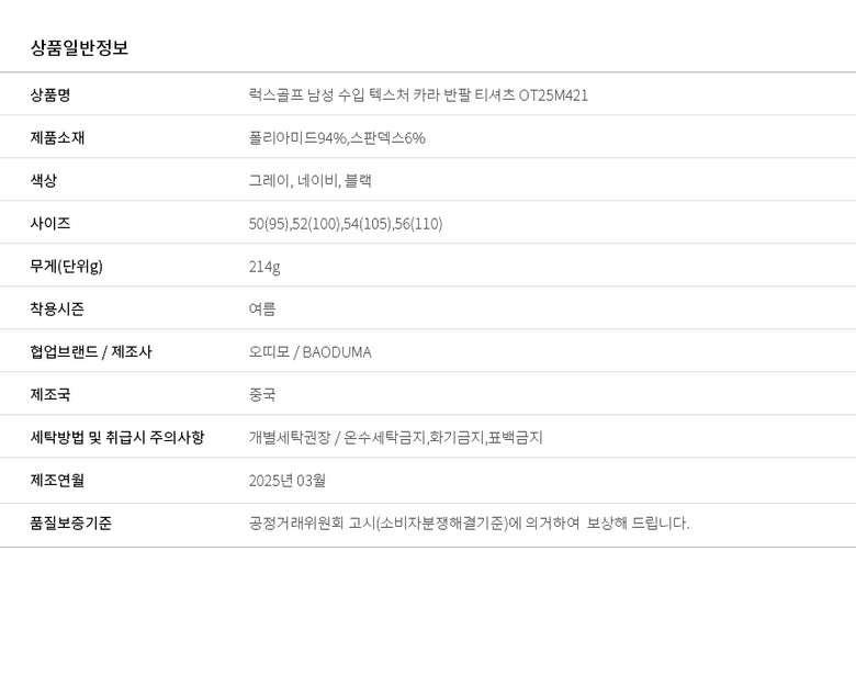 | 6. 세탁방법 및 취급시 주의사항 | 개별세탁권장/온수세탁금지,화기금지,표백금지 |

...

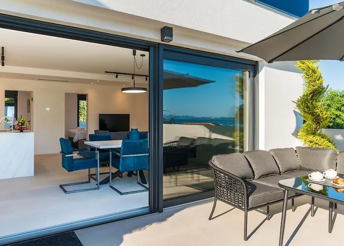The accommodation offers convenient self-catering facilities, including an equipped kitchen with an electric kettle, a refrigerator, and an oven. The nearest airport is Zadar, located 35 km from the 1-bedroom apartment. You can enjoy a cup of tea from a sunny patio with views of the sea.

==

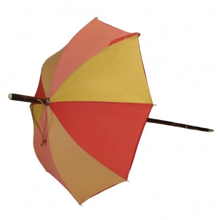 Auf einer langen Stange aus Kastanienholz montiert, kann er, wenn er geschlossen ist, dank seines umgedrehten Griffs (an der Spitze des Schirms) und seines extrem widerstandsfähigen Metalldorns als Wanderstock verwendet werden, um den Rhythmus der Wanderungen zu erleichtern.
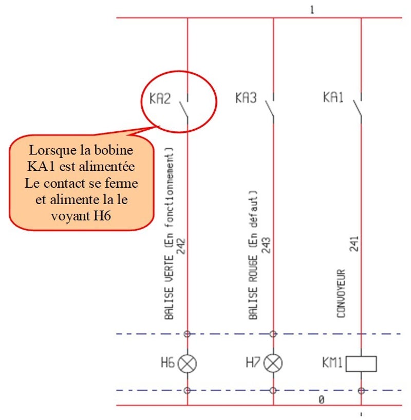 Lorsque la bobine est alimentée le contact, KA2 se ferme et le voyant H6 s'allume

▶ _Task objective_: Go back to the lines above and output, exactly as they stand, the ones from the line containing "Auf einer langen" to the line containing "Lorsque la bobine". Leave all pictures behind.

▶ _Result_:
 Auf einer langen Stange aus Kastanienholz montiert, kann er, wenn er geschlossen ist, dank seines umgedrehten Griffs (an der Spitze des Schirms) und seines extrem widerstandsfähigen Metalldorns als Wanderstock verwendet werden, um den Rhythmus der Wanderungen zu erleichtern.
 Lorsque la bobine est alimentée le contact, KA2 se ferme et le voyant H6 s'allume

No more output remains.